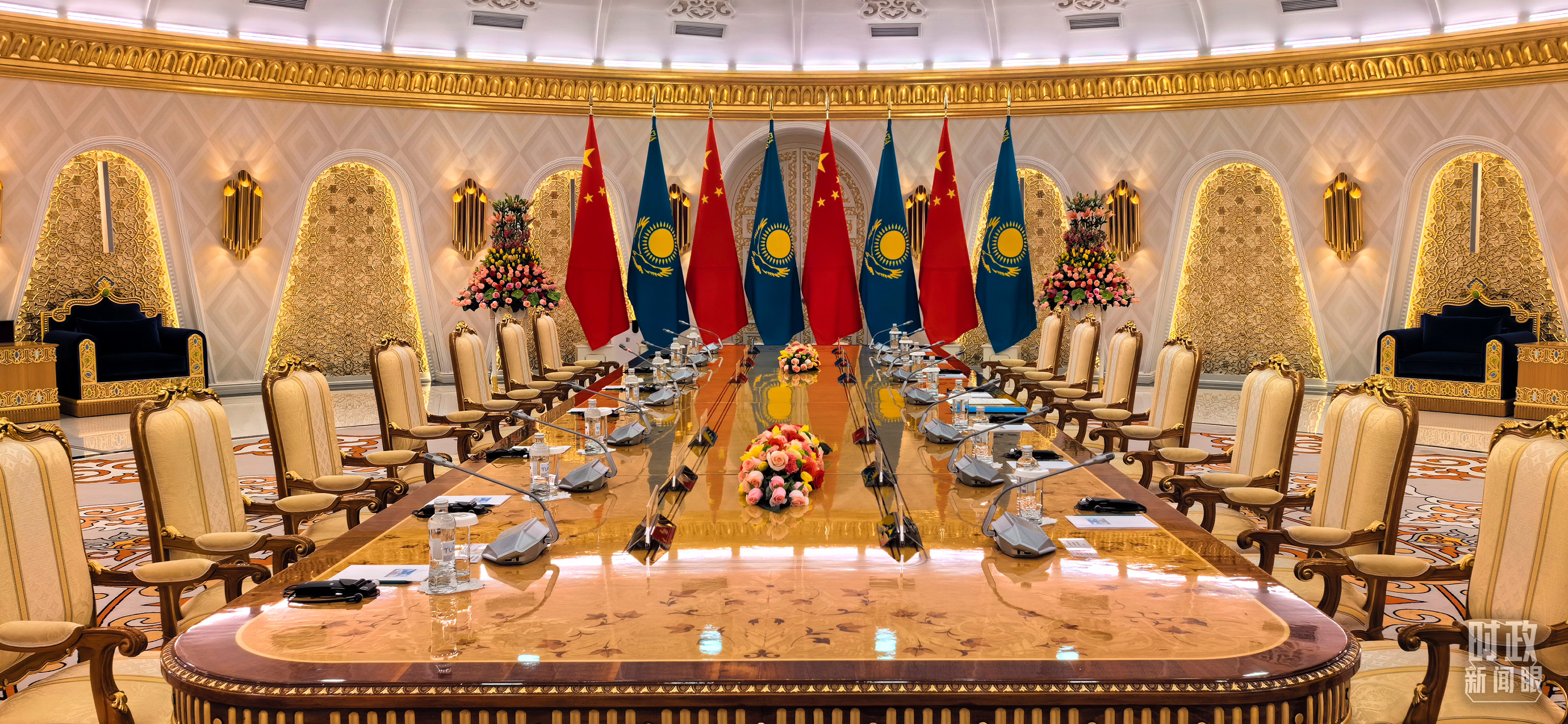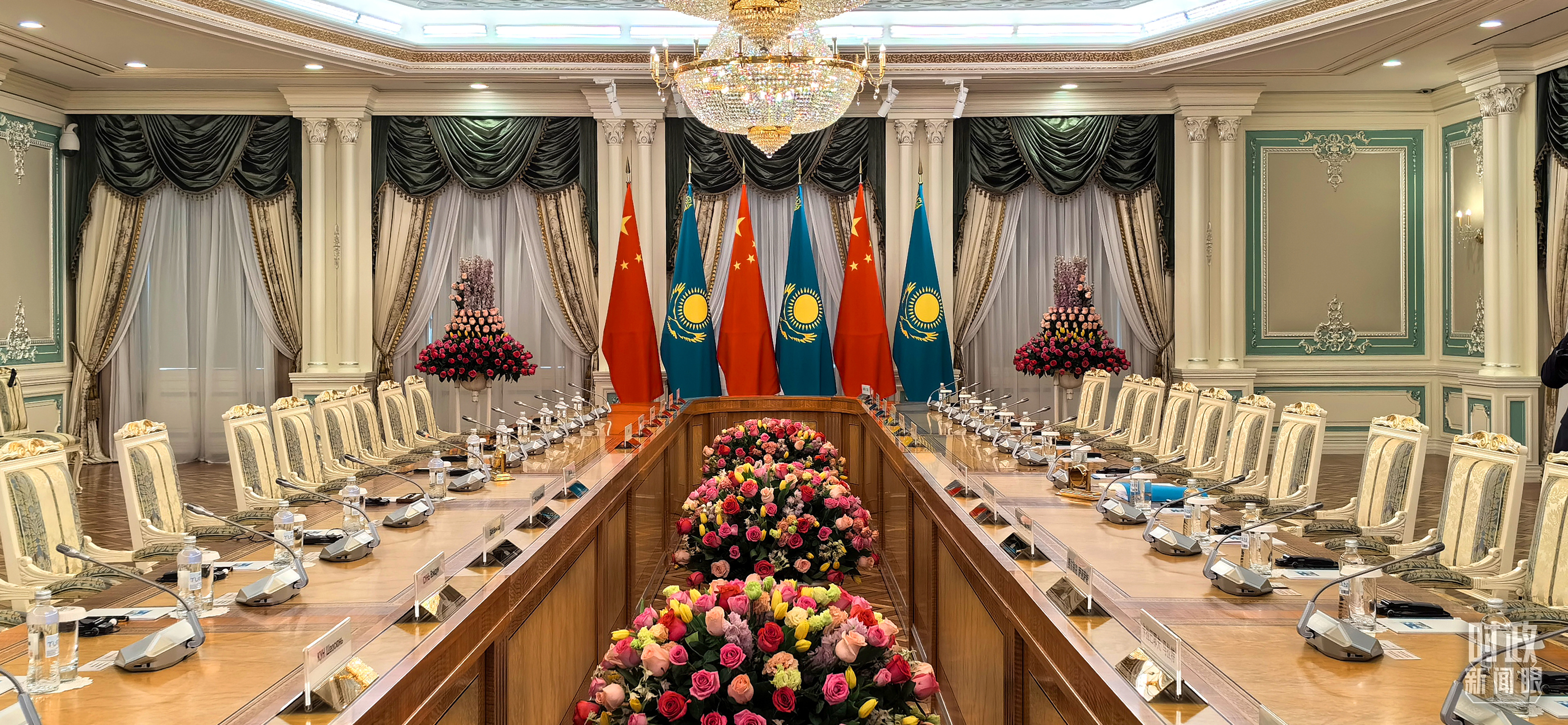 中哈元首小范圍會(huì)談開始前的現(xiàn)場。(總臺(tái)央視記者劉岳拍攝)
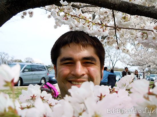 Cherry blossom sprigs were selected because they’re in many ways a symbol of DC, where Bill and I met.
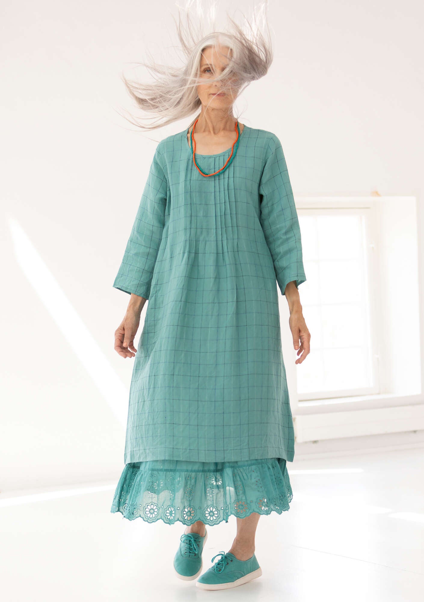 Features stitched pleating at the front. Shaped at the top, flaring gently towards the hem. Bracelet length sleeves. Comes in solid colours and with a yarn-dyed check print. Side pockets.
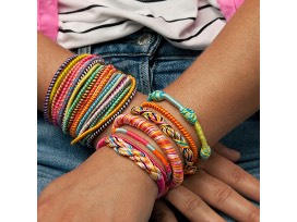 - Includes 1 bracelet maker with storage drawer, 12 skeins of cotton thread and instruction book with 9 looping styles (and endless variations!)
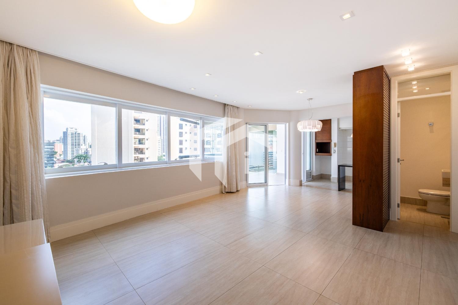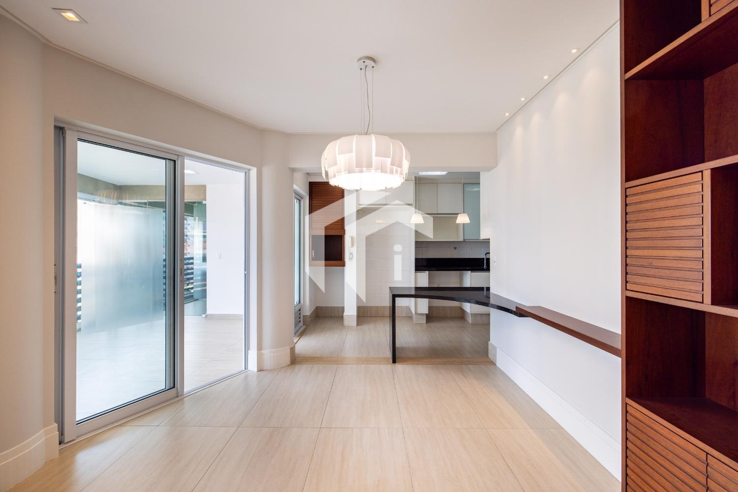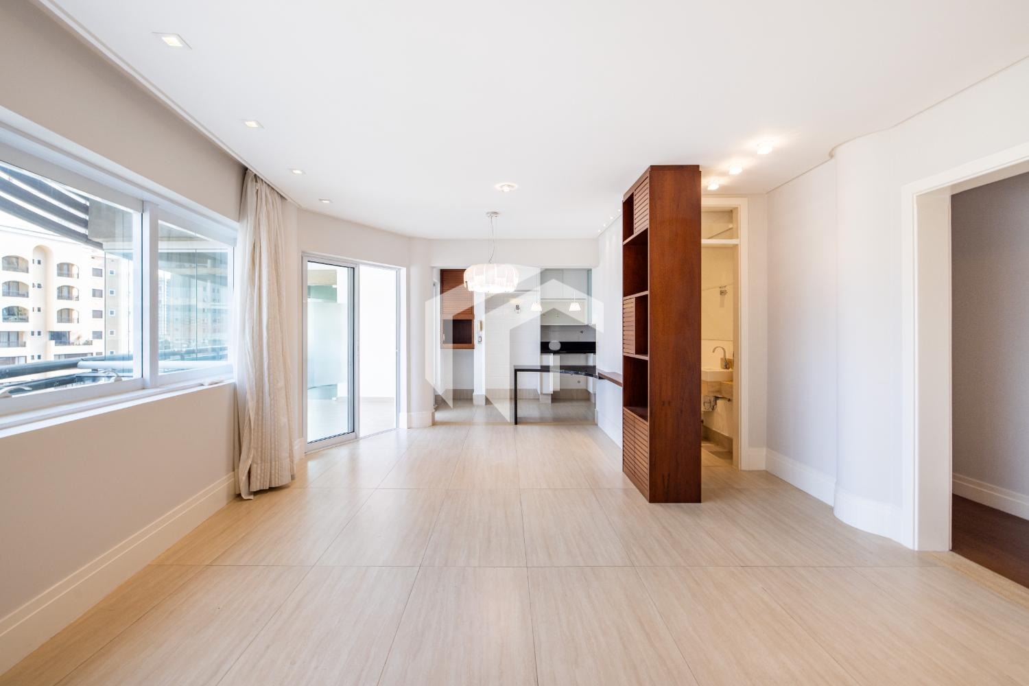 Sala ampla para 3 ambientes, com ar-condicionado, lavabo e integrada à varanda gourmet, que oferece uma vista agradável e muito conforto, mais, home office.
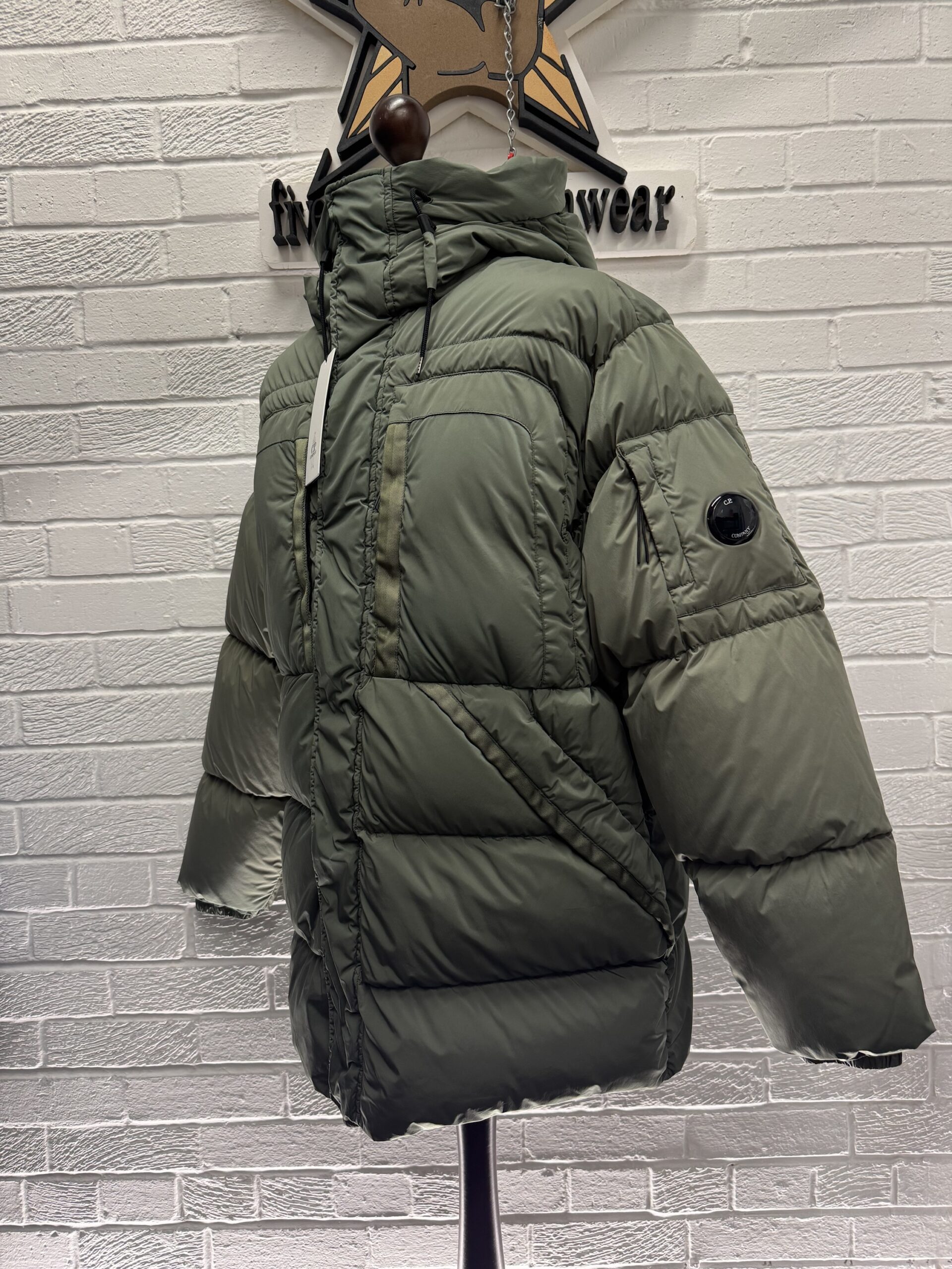 C.P. COMPANY GARMENT DYED ‘NYCRA-R”DOWN LENS HOODED JACKET IN GREEN Medium / p2p 24”
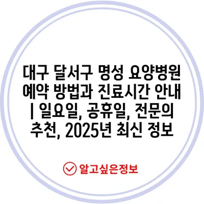 대구 달서구 명성 요양병원 예약 방법과 진료시간 안내 | 일요일, 공휴일, 전문의 추천, 2025년 최신 정보
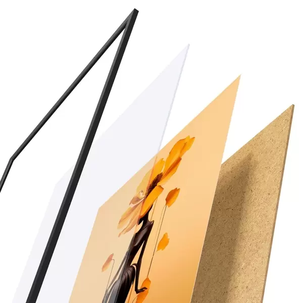 De poster bestaat uit een frame, plexiglas, geprinte afbeelding en spaanplaat achterkant. De poster kan meteen aan de muur worden gehangen dankzij de bevestigingen op de achterkant.
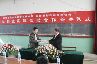 11月14日上午10:30,beat365官方网站生命科学与技术系和云南省丽都花卉有限公司在昆师路校区2208教室举行大学生创业实践活动的签字仪式。参加此次仪式的有云南省丽都花卉发展有限公司销售公司经理李冰博士、销售公司副经理何志勇、昆明营销配送中心经理贺今朝、副经理叶伟、配送中心经理助理王旭东;学院团委书记何昊宸、副书记钱海鼎、生命科学与技术系党总支书记翟书华、团总支书记周宇及生科系陈子牛、杨晓虹老师等,参加会议的还有学院社团联合会主席王德旺同学和生科系同学及beat365官方网站插花文化社的同学。
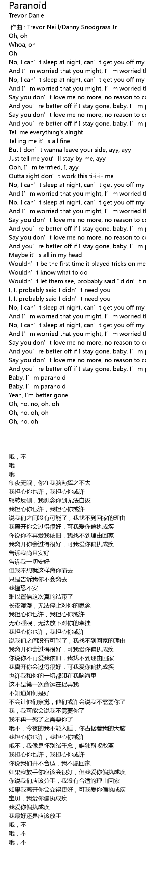 | [02:34.75] | And you' re better off if I stay gone, baby, I' m paranoid |
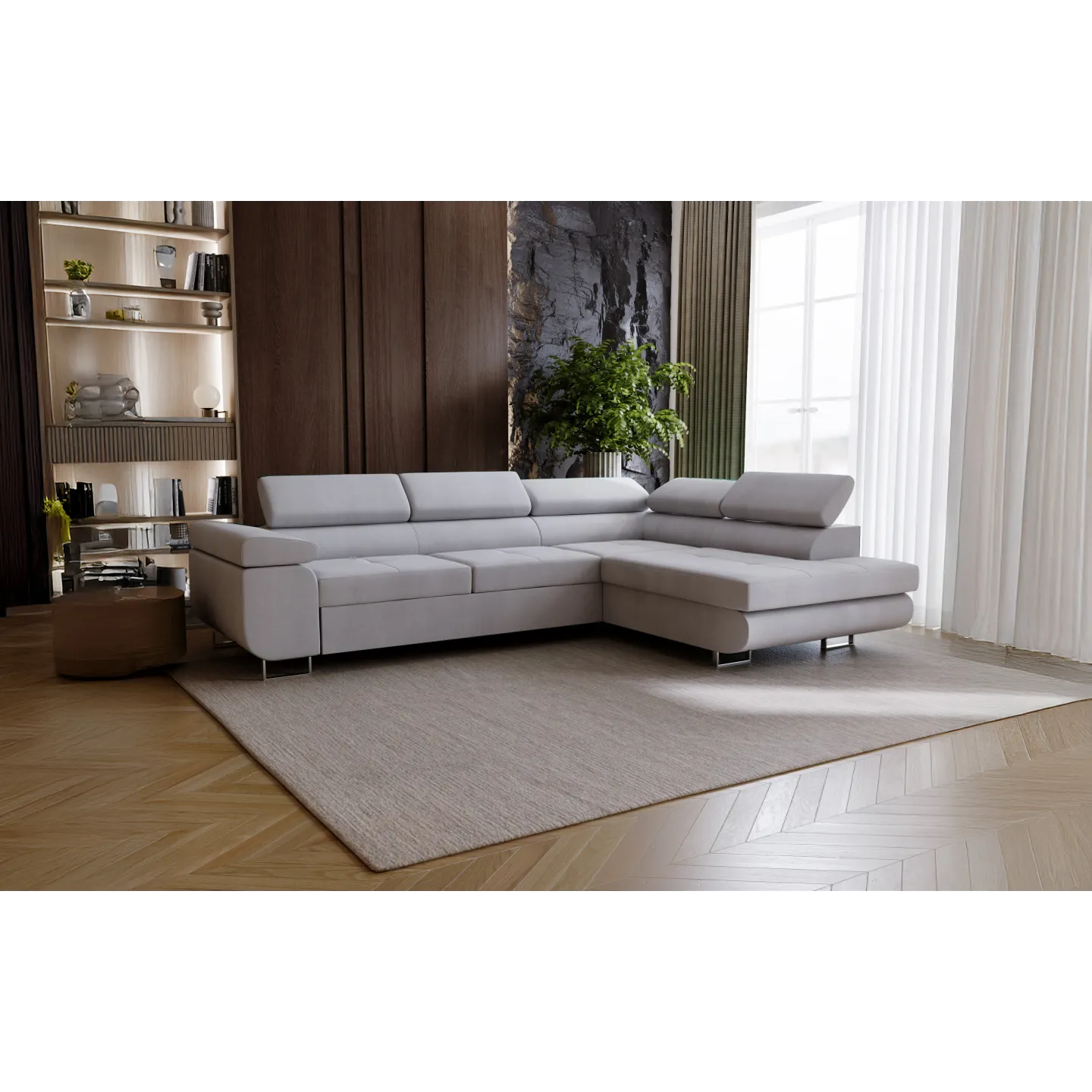 Gönnen Sie sich pure Entspannung mit unserem eleganten Ecksofa in L-Form, das nicht nur optisch überzeugt, sondern auch funktional Maßstäbe setzt. Dieses Modell vereint stilvolles Design, durchdachte Multifunktionalität und höchsten Komfort – perfekt für jedes moderne Wohnzimmer.
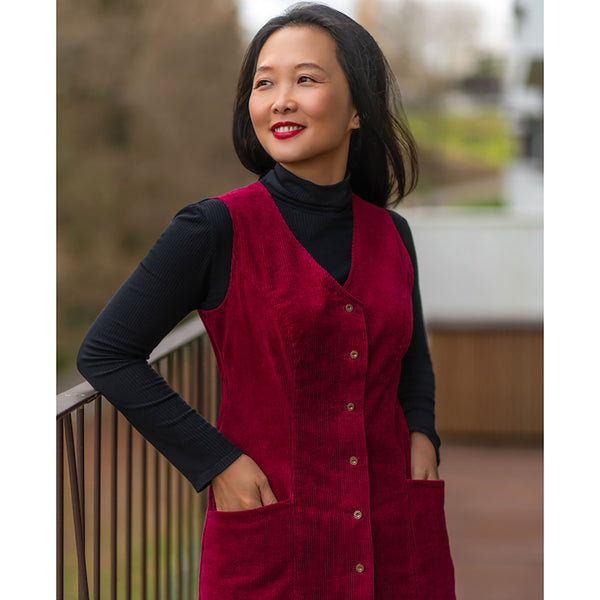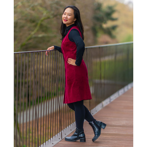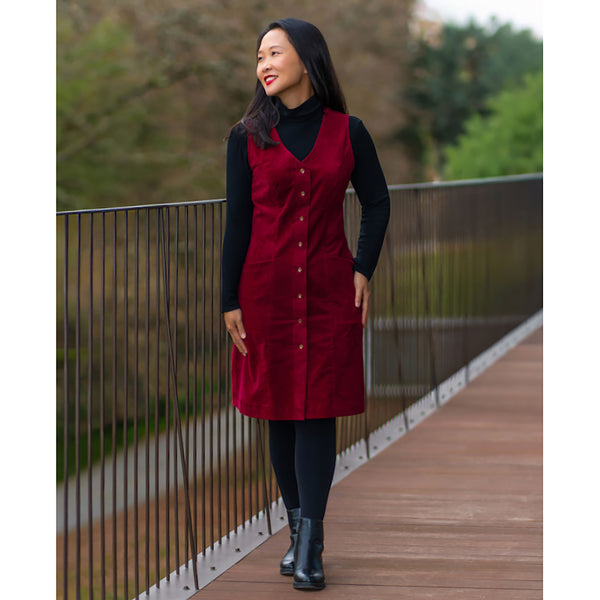 The Elmstead Pinafore is a versatile wardrobe staple designed to be worn over a shirt, turtleneck, or t-shirt - whether short sleeve, long sleeve, or sleeveless. Its classic silhouette works beautifully in a variety of fabrics: corduroy for a traditional look, denim for casual wear, or woolen for a slightly dressier style. Perfect for spring or transitional weather, this pinafore combines comfort with a graceful, flattering fit.
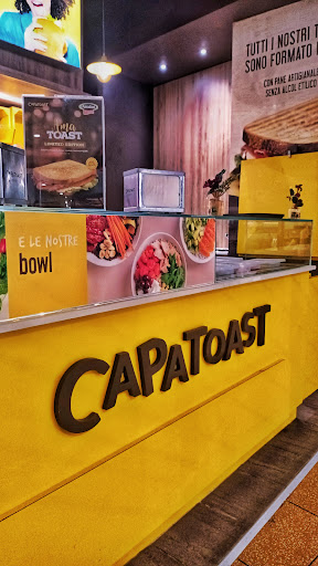 "Capatoast" é il locale che mancava in zona. Situato all'interno del centro commerciale "due mari" offre un'ampia e soddisfacente scelta di toast. Abbiamo mangiato un toast che si può definire una vera "bomba" con ingredienti freschi e di alta qualità. È stato una vera delizia per occhi e palato. Una grande caratteristica che contraddistingue questo locale è un piccolo disco che viene consegnato dopo aver effettuato l'ordine e che squillerà quando il toast sarà pronto e si potrà dunque ritirare. Personale qualificato, gentile, sorridente e disponibile. Locale pulito ed accogliente. Rapporto qualità-prezzo Ottimo. Ritornerò...

- **WHAT IS NEEDED**: Exactly reproduce the entries above, minus the pictures.

- **EXERCISE RESPONSE**:
 中哈元首小范圍會(huì)談開始前的現(xiàn)場。(總臺(tái)央視記者劉岳拍攝)
 Cherry blossom sprigs were selected because they’re in many ways a symbol of DC, where Bill and I met.
 Features stitched pleating at the front. Shaped at the top, flaring gently towards the hem. Bracelet length sleeves. Comes in solid colours and with a yarn-dyed check print. Side pockets.
 - Includes 1 bracelet maker with storage drawer, 12 skeins of cotton thread and instruction book with 9 looping styles (and endless variations!)
 Sala ampla para 3 ambientes, com ar-condicionado, lavabo e integrada à varanda gourmet, que oferece uma vista agradável e muito conforto, mais, home office.
 C.P. COMPANY GARMENT DYED ‘NYCRA-R”DOWN LENS HOODED JACKET IN GREEN Medium / p2p 24”
 대구 달서구 명성 요양병원 예약 방법과 진료시간 안내 | 일요일, 공휴일, 전문의 추천, 2025년 최신 정보
 De poster bestaat uit een frame, plexiglas, geprinte afbeelding en spaanplaat achterkant. De poster kan meteen aan de muur worden gehangen dankzij de bevestigingen op de achterkant.
 11月14日上午10:30,beat365官方网站生命科学与技术系和云南省丽都花卉有限公司在昆师路校区2208教室举行大学生创业实践活动的签字仪式。参加此次仪式的有云南省丽都花卉发展有限公司销售公司经理李冰博士、销售公司副经理何志勇、昆明营销配送中心经理贺今朝、副经理叶伟、配送中心经理助理王旭东;学院团委书记何昊宸、副书记钱海鼎、生命科学与技术系党总支书记翟书华、团总支书记周宇及生科系陈子牛、杨晓虹老师等,参加会议的还有学院社团联合会主席王德旺同学和生科系同学及beat365官方网站插花文化社的同学。
 | [02:34.75] | And you' re better off if I stay gone, baby, I' m paranoid |
 Gönnen Sie sich pure Entspannung mit unserem eleganten Ecksofa in L-Form, das nicht nur optisch überzeugt, sondern auch funktional Maßstäbe setzt. Dieses Modell vereint stilvolles Design, durchdachte Multifunktionalität und höchsten Komfort – perfekt für jedes moderne Wohnzimmer.
 The Elmstead Pinafore is a versatile wardrobe staple designed to be worn over a shirt, turtleneck, or t-shirt - whether short sleeve, long sleeve, or sleeveless. Its classic silhouette works beautifully in a variety of fabrics: corduroy for a traditional look, denim for casual wear, or woolen for a slightly dressier style. Perfect for spring or transitional weather, this pinafore combines comfort with a graceful, flattering fit.
 "Capatoast" é il locale che mancava in zona. Situato all'interno del centro commerciale "due mari" offre un'ampia e soddisfacente scelta di toast. Abbiamo mangiato un toast che si può definire una vera "bomba" con ingredienti freschi e di alta qualità. È stato una vera delizia per occhi e palato. Una grande caratteristica che contraddistingue questo locale è un piccolo disco che viene consegnato dopo aver effettuato l'ordine e che squillerà quando il toast sarà pronto e si potrà dunque ritirare. Personale qualificato, gentile, sorridente e disponibile. Locale pulito ed accogliente. Rapporto qualità-prezzo Ottimo. Ritornerò...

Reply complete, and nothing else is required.